Industrial defect detection: the PCB-AoI dataset

Download link: Kaggle, Huawei OBS

Authors

  • China Telcom Research Institute: Dongdong Li, Dan Liu, Yun Shen, Yaqi Song

  • Raisecom Technology Co.,ltd.: Liangliang Luo

Background

Surface-mount technology (SMT) is a technology that automates electronic circuits production in which components are mounted or placed onto the surface of printed circuit boards. Solder paste printing (SPP) is the most delicate stage in SMT. It prints solder paste on the pads of an electronic circuit panel. Thus, SPP is followed by a solder paste inspection (SPI) stage to detect defects. SPI scans the printed circuit board for missing/less paste, bridging between pads, miss alignments, and so forth. Boards with anomaly must be detected, and boards in good condition should not be disposed of. Thus SPI requires high precision and a high recall.
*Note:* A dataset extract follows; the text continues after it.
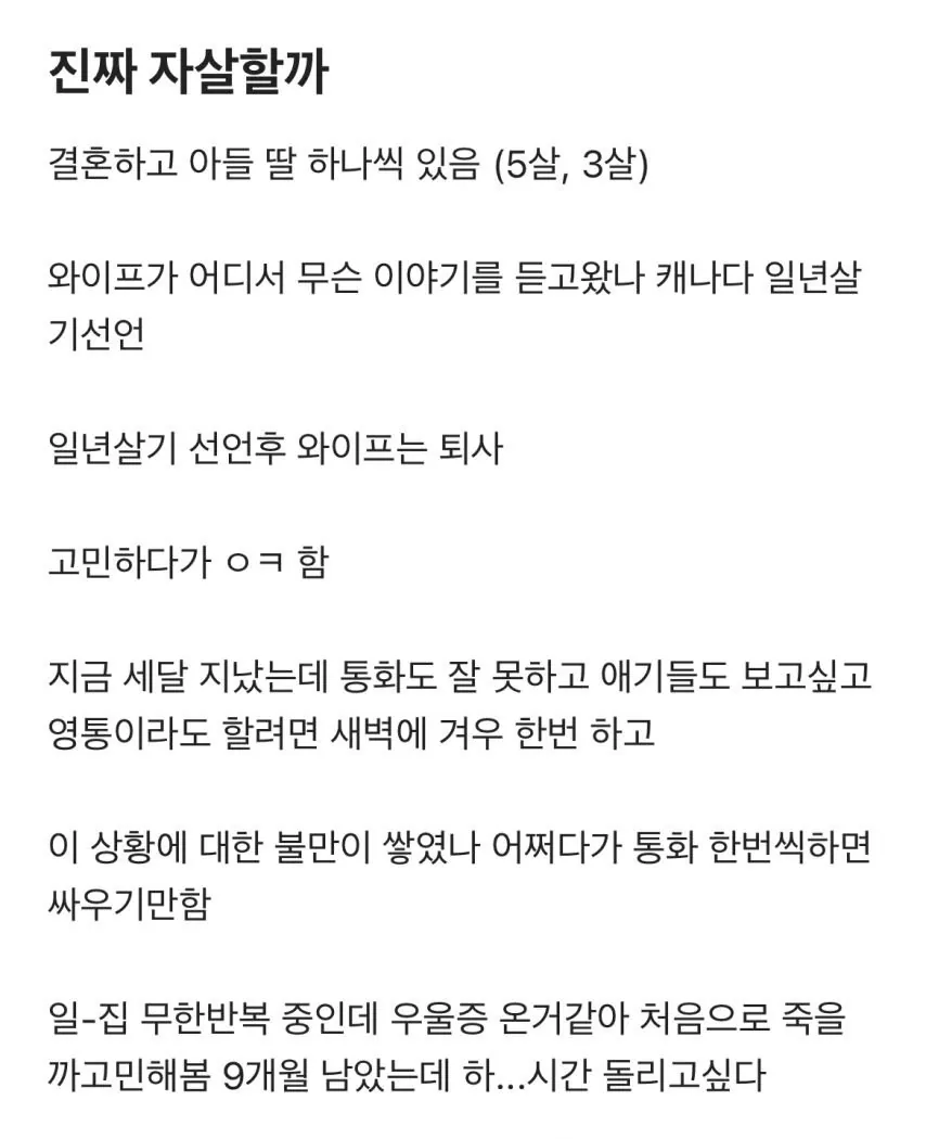 아내가 일년 살기한다고 떠났어요

The PCB-AoI dataset is a part of the open-source distributed synergy AI benchmarking project KubeEdge-Ianvs. Ianvs is honored to be the First site that this dataset is released and the Ianvs working group put it on Kaggle as The PCB-AoI public dataset. It is released by KubeEdge SIG AI members from China Telecom and Raisecom Technology.

Below shows two example figures in the dataset.

Data Explorer

In this dataset, more than 230 boards are collected and the number of images is enhanced to more than 1200. Detailedly, the dataset include two parts, i.e., the train and the test set. The train set includes 173 boards while the test set includes 60 boards. That is, the train-test ratio is around 3:1 in terms of PCB boards. Data augmentation is conducted, boosting the train-test ratio to 1211:60 (about 20:1) in term of images. Both directories of train_data and test_data include the index file which recodes the mapping between the raw images and the label of annotation.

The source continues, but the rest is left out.